Nearly 90 percent of Chinese railways are subject to anti-smoking regulations, but enforcement remains poor, particularly on slower services, according to new research.
State and local tobacco control policies require that station waiting areas, platforms and train cars be smoke free.
But compliance is far from satisfactory, according to research released on July 23 by Yang Jie, deputy director of tobacco control for the Chinese Center for Disease Control and Prevention, during a symposium.
Health officials and experts at the gathering, held by the Chinese Association on Tobacco Control, called for tougher enforcement of tobacco control laws and regulations on trains in response to the recent smoking lawsuit against train operators in northern China.
On June 25, a Beijing court ruled in favor of a female passenger, surnamed Li, who sued Harbin Railway Bureau for having smoking areas on a slow train she rode in June 2017. The bureau was ordered to eliminate the smoking areas and ashtrays within 30 days of the ruling.
Currently, 21 cities in China ban smoking in indoor public areas, with the latest regulation taking effect in Xi’an, Shaanxi province.

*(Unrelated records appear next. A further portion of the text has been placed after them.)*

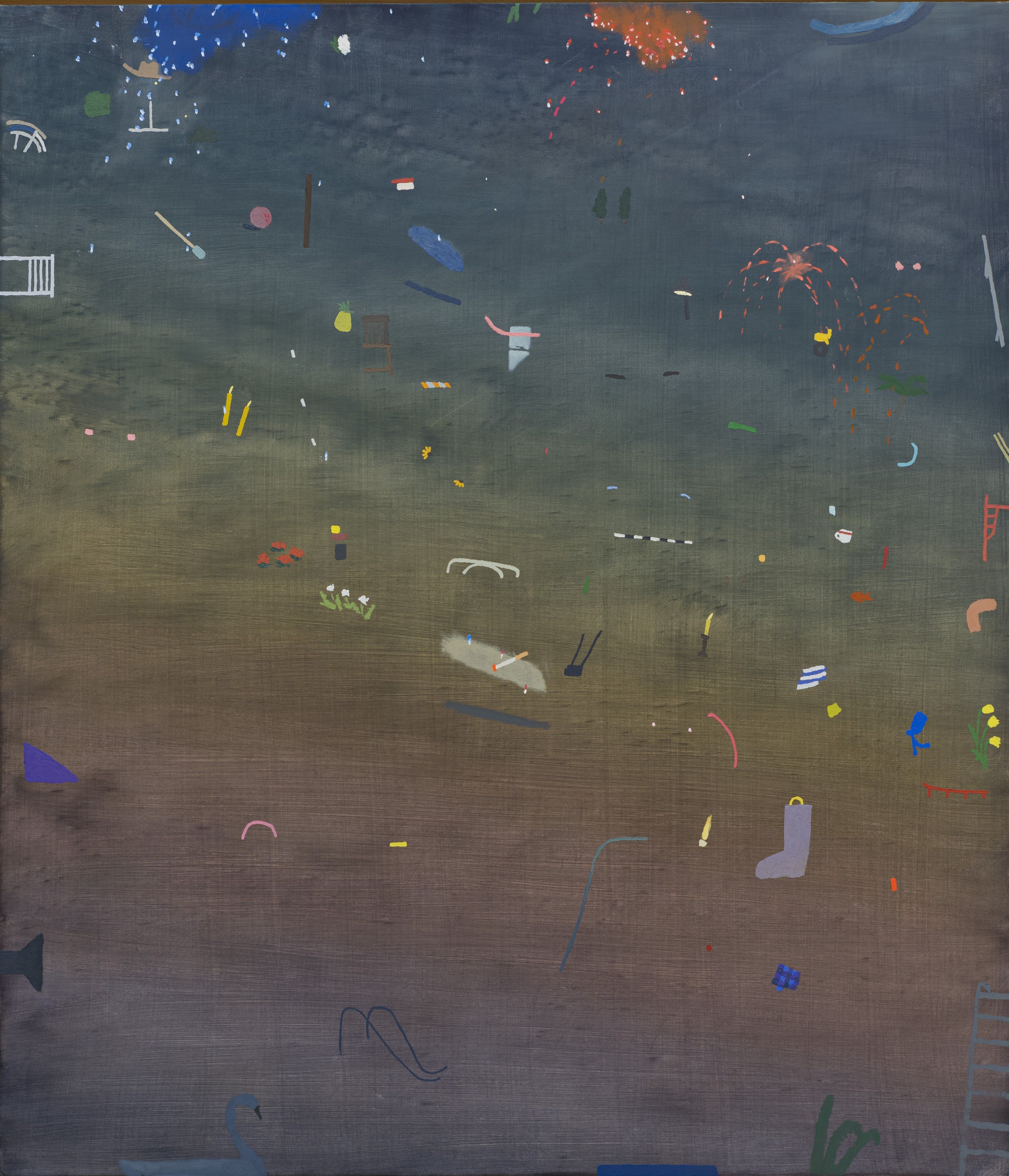 Mariel Capanna-Cigarette, Candles, Fireworks, Swan 2022 Oil, wax, and chalk on panel Courtesy of the artist and Adams and Ollman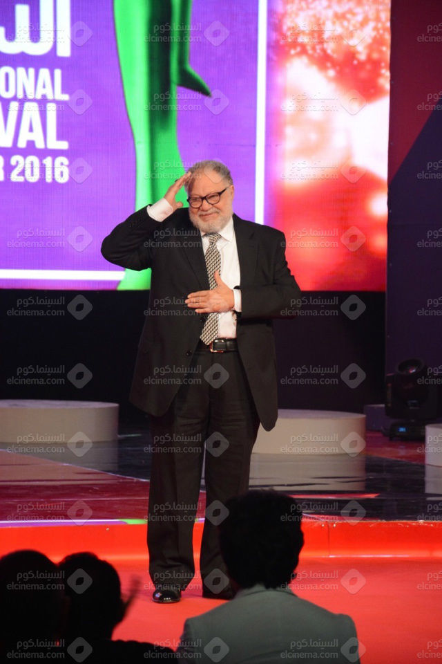 في البداية دعت الإعلامية جاسمين طه مُقدمة الحفل، وزير الثقافة حلمي النمنم ود.ماجدة واصف رئيس المهرجان والفنان محمود حميدة للصعود على المسرح لتكريم النجوم وتسليم الجوائز.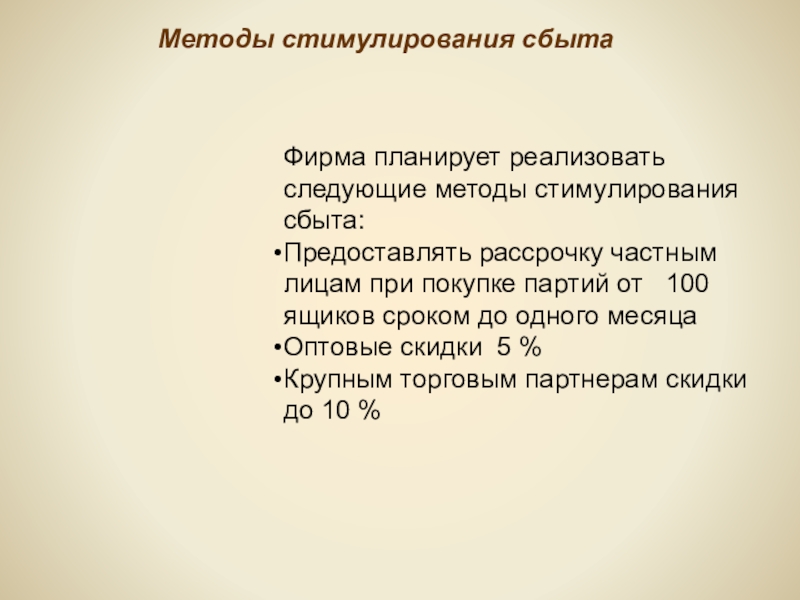 Фирма планирует реализовать следующие методы стимулирования сбыта: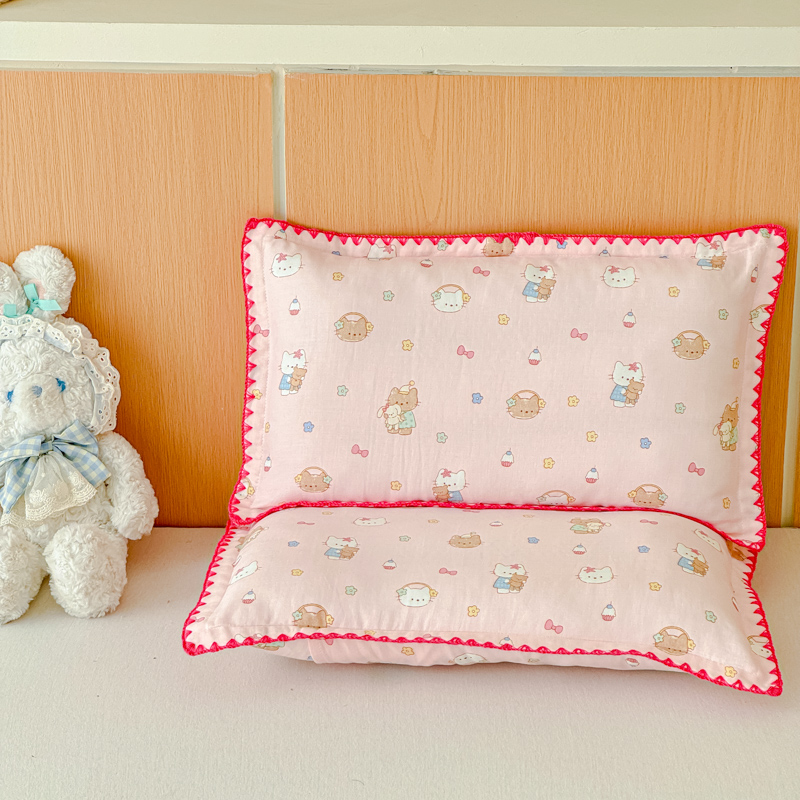 (总)金丝鸟家纺 2026新款全棉双层纱毛球款枕套多规格儿童枕套,叠拍组合图仅供展示,查理卧室,奇迹动物园 米,软萌游园会,吐司乐园

Another five cities have prohibited tobacco use on public transportation, according to Yang.
“Those statutes stipulate that smoking accessories on trains, including ashtrays, should be eliminated. Otherwise, the train regulators violate the law,” Yang said.
Yang suggested that railway departments and health officials should work together to determine who should be in charge of enforcing the smoking bans on trains.
China prohibits smoking on airlines and bullet trains, but slower trains that carry more than one-third of the total 3 billion train passengers in China a year still have smokers on a daily basis, according to the association.
Wang Qingbin, a professor at China University of Political Science and Law, also blamed lax rules for the unbridled tobacco use on slow trains and advocated harsher penalties.
“I suggest we take lessons from the Food Safety Law, which stipulates that food manufacturers involved in problematic production should pay fines whether or not harmful results are caused,” Wang said.
Wang said owners of restaurants or train regulators who don’t bar consumers from smoking should pay compensation to people who must endure exposure to smoke.
“It’s almost impossible to replicate the success of Li’s lawsuit, but we learn from the case that the current slack regulation fails to meet our expectations, and harsher enforcement is needed in the push for smoke-free environments,” Wang said.
The association predicts that about 27.7 percent of Chinese people older than 15 years old smoke. The Healthy China 2030 initiative issued by the central government in October vows to cut the ratio to 20 percent before 2030.